**Your assignment**
For each line in the data below that holds "Women", return a copy.

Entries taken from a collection
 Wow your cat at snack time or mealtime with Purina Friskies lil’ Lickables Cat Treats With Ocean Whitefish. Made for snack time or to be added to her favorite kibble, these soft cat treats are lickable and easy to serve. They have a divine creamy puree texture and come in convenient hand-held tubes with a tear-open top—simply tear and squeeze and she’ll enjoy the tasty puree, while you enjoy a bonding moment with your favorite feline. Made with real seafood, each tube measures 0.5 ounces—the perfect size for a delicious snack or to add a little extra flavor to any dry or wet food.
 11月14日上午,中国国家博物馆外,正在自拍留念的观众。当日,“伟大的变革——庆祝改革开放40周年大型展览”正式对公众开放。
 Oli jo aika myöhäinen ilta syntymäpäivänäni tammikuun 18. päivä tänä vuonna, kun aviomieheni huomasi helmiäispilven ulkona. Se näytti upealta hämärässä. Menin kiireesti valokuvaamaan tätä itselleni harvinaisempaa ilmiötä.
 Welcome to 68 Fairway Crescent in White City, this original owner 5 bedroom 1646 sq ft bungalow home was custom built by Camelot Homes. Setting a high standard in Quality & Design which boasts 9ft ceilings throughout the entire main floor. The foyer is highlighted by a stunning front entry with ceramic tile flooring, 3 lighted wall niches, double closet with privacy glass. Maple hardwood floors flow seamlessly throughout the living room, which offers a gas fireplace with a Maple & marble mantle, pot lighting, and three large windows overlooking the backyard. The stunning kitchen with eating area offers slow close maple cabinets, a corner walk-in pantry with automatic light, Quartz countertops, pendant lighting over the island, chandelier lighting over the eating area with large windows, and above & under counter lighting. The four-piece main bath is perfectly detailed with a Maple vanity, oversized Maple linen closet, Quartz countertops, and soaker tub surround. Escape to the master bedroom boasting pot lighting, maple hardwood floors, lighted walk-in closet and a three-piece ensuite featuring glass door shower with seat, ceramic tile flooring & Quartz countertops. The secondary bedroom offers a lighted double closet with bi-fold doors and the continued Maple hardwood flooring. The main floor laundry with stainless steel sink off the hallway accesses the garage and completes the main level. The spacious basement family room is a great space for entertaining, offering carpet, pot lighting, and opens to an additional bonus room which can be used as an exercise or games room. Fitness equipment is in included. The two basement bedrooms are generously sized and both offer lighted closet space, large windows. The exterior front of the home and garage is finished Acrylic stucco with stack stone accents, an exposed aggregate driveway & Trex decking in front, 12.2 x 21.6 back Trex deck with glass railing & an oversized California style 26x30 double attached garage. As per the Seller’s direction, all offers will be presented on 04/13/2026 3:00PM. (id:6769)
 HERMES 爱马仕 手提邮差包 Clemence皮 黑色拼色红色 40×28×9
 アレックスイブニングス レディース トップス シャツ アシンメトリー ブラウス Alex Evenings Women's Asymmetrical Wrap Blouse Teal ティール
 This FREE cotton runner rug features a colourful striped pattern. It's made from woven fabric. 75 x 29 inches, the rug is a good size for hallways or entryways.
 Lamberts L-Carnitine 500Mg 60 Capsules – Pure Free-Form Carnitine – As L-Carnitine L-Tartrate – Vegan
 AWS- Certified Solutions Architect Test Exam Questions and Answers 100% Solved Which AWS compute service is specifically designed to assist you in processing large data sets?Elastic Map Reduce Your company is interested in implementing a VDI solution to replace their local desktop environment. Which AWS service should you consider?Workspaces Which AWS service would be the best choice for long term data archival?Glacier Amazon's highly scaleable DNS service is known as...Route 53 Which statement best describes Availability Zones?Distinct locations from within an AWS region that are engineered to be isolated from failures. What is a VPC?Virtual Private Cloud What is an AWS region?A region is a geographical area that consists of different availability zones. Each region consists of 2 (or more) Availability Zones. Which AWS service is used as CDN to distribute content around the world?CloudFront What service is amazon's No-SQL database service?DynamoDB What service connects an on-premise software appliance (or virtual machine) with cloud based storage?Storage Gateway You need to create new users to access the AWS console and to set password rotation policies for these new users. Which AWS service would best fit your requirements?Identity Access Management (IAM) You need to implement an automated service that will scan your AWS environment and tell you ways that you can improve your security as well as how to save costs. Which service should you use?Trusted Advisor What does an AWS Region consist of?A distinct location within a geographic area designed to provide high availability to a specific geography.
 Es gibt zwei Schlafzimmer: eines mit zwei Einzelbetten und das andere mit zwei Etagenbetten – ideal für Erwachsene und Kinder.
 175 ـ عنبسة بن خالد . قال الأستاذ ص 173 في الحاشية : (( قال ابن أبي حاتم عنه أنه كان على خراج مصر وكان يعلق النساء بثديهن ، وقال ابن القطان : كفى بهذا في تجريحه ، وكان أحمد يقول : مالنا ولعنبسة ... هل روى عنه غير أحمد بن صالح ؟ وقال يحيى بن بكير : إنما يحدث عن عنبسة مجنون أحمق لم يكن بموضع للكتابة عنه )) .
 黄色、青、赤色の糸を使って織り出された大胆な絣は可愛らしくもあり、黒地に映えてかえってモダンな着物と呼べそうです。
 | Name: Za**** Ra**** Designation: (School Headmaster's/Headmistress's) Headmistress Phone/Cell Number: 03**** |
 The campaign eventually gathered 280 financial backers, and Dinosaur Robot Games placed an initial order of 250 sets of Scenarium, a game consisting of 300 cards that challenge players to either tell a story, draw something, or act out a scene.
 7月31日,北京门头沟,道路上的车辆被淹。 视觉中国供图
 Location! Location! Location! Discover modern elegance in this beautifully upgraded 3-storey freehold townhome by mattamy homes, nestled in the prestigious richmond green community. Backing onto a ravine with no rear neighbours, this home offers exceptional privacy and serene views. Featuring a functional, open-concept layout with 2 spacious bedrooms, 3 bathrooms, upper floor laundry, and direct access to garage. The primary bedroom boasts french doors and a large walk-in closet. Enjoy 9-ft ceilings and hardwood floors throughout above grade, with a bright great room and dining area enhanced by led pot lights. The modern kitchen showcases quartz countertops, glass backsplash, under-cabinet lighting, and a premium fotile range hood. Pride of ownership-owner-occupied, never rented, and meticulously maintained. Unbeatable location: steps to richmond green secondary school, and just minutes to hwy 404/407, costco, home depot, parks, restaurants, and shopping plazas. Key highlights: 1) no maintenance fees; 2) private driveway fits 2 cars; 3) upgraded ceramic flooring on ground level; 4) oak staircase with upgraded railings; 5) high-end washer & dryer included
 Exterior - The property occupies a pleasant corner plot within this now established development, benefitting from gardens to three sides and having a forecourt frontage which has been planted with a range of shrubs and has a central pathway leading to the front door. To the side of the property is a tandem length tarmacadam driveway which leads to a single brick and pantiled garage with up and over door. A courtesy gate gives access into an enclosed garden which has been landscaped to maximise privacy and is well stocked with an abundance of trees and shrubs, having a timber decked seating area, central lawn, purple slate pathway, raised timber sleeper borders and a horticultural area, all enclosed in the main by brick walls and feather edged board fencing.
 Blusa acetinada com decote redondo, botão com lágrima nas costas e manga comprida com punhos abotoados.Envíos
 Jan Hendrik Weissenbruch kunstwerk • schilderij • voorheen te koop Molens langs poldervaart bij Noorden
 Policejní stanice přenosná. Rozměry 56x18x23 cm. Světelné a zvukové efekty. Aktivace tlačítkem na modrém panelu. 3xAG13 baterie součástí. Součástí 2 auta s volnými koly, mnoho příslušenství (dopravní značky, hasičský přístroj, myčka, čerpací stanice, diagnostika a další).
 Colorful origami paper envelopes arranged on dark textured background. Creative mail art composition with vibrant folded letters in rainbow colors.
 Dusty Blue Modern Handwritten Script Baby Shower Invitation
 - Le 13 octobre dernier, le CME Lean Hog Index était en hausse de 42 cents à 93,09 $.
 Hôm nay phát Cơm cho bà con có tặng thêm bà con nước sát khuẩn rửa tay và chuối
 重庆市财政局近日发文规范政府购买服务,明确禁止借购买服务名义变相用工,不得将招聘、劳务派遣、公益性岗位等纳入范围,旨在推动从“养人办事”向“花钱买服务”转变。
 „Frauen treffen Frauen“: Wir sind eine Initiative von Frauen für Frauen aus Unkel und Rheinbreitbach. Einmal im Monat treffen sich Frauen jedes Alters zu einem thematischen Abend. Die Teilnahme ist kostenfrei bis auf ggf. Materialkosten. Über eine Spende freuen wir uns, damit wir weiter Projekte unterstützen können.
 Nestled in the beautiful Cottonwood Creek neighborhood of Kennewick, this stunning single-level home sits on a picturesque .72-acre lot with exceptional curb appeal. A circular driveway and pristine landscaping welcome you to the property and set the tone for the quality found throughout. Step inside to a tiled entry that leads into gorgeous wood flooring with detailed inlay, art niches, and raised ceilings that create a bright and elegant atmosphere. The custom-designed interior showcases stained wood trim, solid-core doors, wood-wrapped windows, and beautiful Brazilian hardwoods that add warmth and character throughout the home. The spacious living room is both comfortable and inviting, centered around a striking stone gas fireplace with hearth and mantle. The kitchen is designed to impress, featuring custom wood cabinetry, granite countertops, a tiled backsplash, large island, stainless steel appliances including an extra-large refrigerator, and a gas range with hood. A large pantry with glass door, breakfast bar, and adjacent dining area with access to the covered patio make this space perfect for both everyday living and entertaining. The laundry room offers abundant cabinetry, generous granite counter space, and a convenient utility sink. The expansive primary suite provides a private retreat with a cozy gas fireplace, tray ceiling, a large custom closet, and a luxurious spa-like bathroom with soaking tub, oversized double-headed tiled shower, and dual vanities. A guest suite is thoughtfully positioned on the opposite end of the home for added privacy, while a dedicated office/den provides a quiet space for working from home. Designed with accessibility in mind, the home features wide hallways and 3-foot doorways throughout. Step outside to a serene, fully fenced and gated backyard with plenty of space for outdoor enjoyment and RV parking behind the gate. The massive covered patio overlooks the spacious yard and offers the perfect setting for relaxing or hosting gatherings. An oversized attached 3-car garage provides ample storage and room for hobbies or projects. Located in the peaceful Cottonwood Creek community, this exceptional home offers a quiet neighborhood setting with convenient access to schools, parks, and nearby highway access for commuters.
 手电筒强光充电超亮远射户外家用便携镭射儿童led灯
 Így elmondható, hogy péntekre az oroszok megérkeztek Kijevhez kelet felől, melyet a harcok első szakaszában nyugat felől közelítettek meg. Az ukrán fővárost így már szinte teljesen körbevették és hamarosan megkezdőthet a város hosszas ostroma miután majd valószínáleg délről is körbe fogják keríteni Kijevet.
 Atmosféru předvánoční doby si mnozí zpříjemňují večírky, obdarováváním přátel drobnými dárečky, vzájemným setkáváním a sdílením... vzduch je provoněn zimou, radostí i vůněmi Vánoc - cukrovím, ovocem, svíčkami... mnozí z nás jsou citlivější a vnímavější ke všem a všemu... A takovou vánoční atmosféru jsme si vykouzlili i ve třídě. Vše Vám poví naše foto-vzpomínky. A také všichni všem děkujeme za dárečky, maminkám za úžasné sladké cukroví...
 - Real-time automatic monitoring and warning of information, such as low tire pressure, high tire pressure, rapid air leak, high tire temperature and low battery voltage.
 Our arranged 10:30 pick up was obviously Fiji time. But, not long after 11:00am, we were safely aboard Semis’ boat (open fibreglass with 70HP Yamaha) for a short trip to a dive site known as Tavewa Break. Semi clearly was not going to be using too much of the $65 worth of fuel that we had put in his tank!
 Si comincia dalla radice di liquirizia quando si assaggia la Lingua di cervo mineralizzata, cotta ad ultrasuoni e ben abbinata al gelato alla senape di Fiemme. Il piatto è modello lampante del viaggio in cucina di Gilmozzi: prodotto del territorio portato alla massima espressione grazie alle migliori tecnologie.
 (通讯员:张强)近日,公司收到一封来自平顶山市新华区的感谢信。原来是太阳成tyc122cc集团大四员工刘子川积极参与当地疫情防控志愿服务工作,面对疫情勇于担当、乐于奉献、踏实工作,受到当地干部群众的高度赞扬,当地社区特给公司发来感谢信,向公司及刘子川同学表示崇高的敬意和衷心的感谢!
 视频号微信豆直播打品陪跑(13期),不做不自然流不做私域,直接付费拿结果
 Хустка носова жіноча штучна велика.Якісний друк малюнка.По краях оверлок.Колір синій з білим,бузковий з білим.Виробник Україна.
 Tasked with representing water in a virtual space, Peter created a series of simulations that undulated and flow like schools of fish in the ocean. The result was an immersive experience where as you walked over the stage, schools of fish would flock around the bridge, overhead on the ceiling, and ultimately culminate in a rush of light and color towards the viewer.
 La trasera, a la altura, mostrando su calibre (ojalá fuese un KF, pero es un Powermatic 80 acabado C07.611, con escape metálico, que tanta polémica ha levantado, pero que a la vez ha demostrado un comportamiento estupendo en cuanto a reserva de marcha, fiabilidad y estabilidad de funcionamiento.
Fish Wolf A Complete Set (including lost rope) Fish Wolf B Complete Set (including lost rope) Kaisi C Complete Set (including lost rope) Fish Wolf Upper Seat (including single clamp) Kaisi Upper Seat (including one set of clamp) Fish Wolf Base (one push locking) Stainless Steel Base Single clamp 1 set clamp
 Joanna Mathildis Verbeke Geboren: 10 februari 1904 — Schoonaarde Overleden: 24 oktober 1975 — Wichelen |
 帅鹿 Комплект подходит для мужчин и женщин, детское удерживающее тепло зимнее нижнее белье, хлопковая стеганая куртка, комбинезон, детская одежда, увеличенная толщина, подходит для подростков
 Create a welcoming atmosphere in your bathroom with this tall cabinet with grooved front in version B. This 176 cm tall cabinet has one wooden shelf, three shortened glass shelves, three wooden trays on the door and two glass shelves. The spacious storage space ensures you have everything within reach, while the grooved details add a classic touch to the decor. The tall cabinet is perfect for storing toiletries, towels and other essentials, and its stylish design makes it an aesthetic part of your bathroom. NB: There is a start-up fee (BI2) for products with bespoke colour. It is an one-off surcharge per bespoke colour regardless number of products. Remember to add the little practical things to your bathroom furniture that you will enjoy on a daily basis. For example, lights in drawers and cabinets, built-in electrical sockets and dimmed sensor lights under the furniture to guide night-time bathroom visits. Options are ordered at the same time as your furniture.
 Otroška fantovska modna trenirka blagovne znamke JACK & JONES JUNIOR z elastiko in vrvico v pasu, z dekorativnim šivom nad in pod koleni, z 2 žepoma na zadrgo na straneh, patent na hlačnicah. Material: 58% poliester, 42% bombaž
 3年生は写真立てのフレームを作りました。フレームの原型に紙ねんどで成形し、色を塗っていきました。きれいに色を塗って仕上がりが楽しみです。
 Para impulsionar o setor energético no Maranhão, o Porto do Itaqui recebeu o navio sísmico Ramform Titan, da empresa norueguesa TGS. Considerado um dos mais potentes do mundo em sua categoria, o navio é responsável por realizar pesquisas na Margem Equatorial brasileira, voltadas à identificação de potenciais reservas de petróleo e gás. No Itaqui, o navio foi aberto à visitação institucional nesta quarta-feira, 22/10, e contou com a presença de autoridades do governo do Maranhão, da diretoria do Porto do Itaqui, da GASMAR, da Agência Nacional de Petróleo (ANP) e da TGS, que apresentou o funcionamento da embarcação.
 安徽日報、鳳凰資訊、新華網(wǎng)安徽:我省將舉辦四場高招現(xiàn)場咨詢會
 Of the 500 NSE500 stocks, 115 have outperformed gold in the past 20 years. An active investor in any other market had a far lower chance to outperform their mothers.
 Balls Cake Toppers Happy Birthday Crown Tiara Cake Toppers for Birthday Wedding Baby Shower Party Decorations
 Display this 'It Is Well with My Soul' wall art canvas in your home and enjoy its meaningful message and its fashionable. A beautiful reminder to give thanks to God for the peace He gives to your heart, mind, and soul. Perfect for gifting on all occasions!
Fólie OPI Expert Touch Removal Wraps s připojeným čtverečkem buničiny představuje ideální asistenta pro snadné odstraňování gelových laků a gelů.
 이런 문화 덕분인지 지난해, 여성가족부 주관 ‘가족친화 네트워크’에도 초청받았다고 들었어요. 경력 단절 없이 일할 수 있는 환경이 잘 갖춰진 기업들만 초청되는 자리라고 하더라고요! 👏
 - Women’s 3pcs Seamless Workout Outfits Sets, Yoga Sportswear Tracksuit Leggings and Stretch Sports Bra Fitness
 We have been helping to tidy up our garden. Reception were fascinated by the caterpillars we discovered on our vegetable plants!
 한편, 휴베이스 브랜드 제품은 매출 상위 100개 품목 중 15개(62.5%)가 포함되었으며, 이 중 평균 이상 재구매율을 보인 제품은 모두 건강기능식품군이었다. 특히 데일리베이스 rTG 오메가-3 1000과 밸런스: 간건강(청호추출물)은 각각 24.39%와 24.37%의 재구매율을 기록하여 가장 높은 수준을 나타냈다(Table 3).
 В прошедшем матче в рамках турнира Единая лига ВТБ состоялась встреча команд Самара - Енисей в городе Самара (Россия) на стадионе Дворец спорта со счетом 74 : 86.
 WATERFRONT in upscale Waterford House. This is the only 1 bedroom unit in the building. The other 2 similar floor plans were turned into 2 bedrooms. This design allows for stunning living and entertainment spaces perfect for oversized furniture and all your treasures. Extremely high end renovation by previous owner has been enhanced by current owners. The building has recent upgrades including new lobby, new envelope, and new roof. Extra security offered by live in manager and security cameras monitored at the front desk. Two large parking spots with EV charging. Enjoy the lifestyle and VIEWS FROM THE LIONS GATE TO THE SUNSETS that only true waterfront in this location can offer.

**Answer section**
 アレックスイブニングス レディース トップス シャツ アシンメトリー ブラウス Alex Evenings Women's Asymmetrical Wrap Blouse Teal ティール
 - Women’s 3pcs Seamless Workout Outfits Sets, Yoga Sportswear Tracksuit Leggings and Stretch Sports Bra Fitness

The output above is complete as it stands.